Search code examples
pythonnumpyresnettorchvisionpermute

How to use torch.Tensor.permute in torchvision model


I am using a Resnet50 classification model from torchvision which by default accepts images as inputs. I want to make the model accept numpy files (.npy) as inputs. I understand the two have different dimensions as the numpy data is given as

[batch_size, depth, height, width, channels] 

instead of

[batch_size, channels, depth, height, width]. 

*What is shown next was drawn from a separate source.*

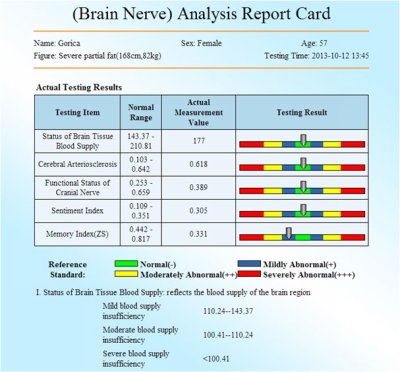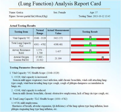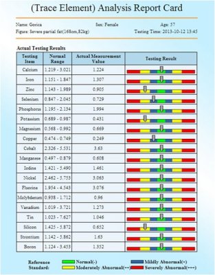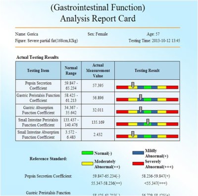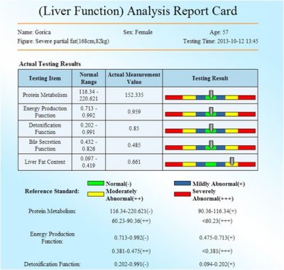 ![]() Analizom ovim uređajem može da se utvrdi zdravsteno stanje osobe a takođe ovi testovi mogu da odrede koji nutitivni parametri treba da se poboljšaju da bi se popravilo kompletno stanje organizma. Ovaj uređaj takođe može da se koristi za praćenje pojedinih terapija i u svrhu prilagođavanja terapije zahtjevima stanja pojedinca.

Based on this answer, I can use the permute function to change the order of the dimensions. However, I can't find any solution or leads on how to do this in a torchvision model.


Solution

  • Let's say you have a tensor x with the dimensions

    [batch_size, depth, height, width, channels] 
    

    and you want to get a tensor y with dimensions

    [batch_size, channels, depth, height, width]
    

    The permute() method reorders these dimensions. You have to specify the order in which the original dimensions should be reordered to get the new ones, that is

    y = x.permute([0, 4, 1, 2, 3])
    

    If we analyze that, in the original tensor x the dimensions were enuemrated as

    [batch_size, depth, height, width, channels]
     0           1      2       3      4
    

    In the new tensor we therefore get

    [batch_size, channels, depth, height, width]
     0           4         1      2       3
    

    which is what we need to pass to permute()

    Alternatively you can also just use the einsum() function, where you can just type the signatures which is much more intuitive.

    y = torch.einsum('b d h w c -> b c d h w', x)